Caricom Blues

Satiricus was pleased with Burnt Ham and his enthusiasm for CariCon if for nothing else than that he had the smarts and people sense to create CariCon Day, and then have it observed on the first Monday of every July!! If we couldn’t get the four-day weekend of the Americans, then a three-day weekend would do quite nicely, thank you!! He was still smiling as he ambled to the back of the Back Street Bar.
“Eh, Eh!! Bai Sato!! Like you get some good news fuh abee, or wha”?” smiled Bungi, and Satiricus eased into his seat.
“Damn right I have!” enthused Satiricus as he picked up his beer. “Have you fellas forgotten that tomorrow is CariCon Day?”
“All me know, ah wan halliday!” said Cappo. “Me na know ‘bout CariCon.”
“But what exactly do you have against CariCon?” asked Satiricus.
“Well, for one, we’re helping to pay for all those uppity folks at their Secretariat!” said Hari quietly but firmly. “Do you have any idea about the salaries they make?”

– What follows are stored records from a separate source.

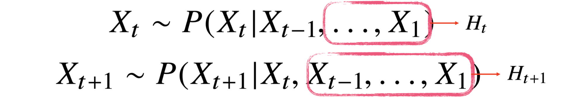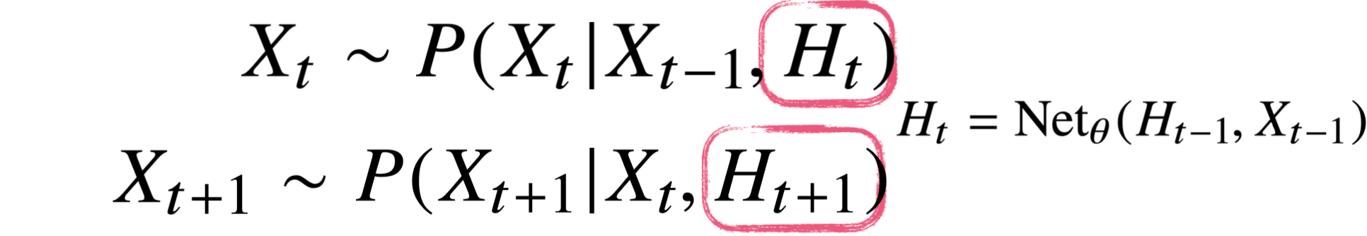 직전 정보 $X_{t-1}$와 직전이 아닌 정보들인 잠재변수 $H_t$로 인코딩
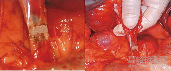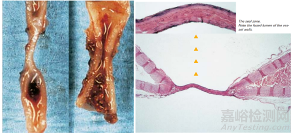 圖5.頸動(dòng)脈縱切面(左),動(dòng)物實(shí)驗(yàn)中H & E染色的腎動(dòng)脈閉合帶縱切面(右)
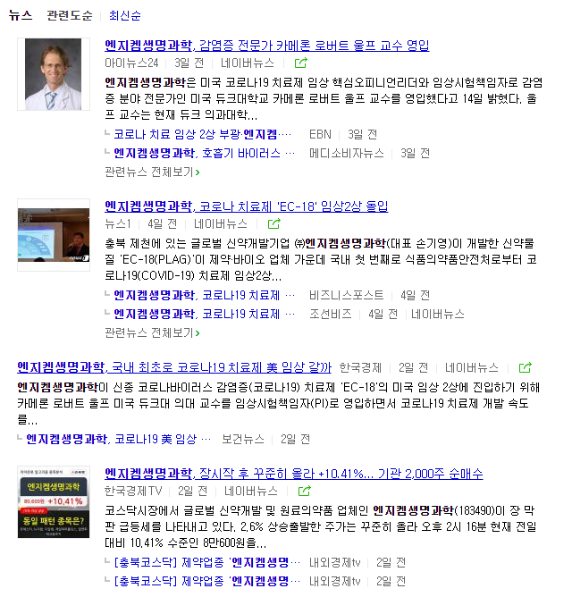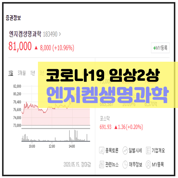 엔지켐생명과학은 위의 네이버뉴스에서도 보듯, 코로나19와 연관있는 종목입니다.

“Me na know dem salary,” said Bungi. “But me know dem na even piss pan abee Guyanese!”
“Da beca’se dem ah get mo’ money dan even Grain Ja,” said Cappo. “An’ tax free!”

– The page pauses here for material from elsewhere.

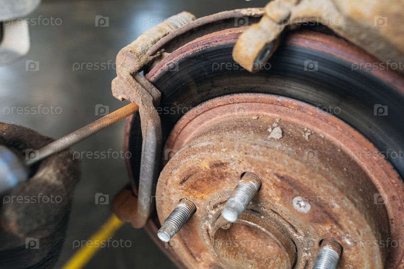 Автомеханик стачивает ржавчину на тормозных дисках перед заменой колодок, крупный план

“But even Nagga Man don’t get tax free,” said Satiricus in surprise. “Maybe he should take a job at CariCon?”
“But tell me something, Sato,” said Hari. “Now that you mention Nagga Man, what does KFC think about CariCon?”
“Well, we are one Caribbean people, you know,” said Satiricus. “One love!! Just like us in Guyana!!”

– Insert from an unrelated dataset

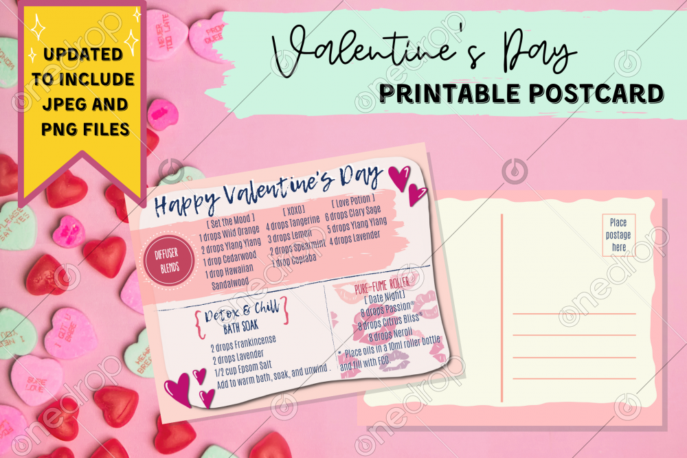 Spread the love with this cute Valentine’s Day postcard. Postcard includes some fun diffuser recipes, Pure-fume roller idea, and a detox bath idea!

“Waan love?” asked Cappo. “Yuh eva’ bin to Barbados?”
“But that was in the past, Cappo,” replied Satiricus. “You know they’re now broke, don’t you? And they’ll all be coming to Guyana!!”
“Den de Guvment should buil’ wan ‘Bajan Bench’ at de new Airport right away!!” smiled Bungi.
“But seriously, fellas,” said Hari. “If CariCon can straighten out the WI Cricket Board, they would have earned their super salaries!!”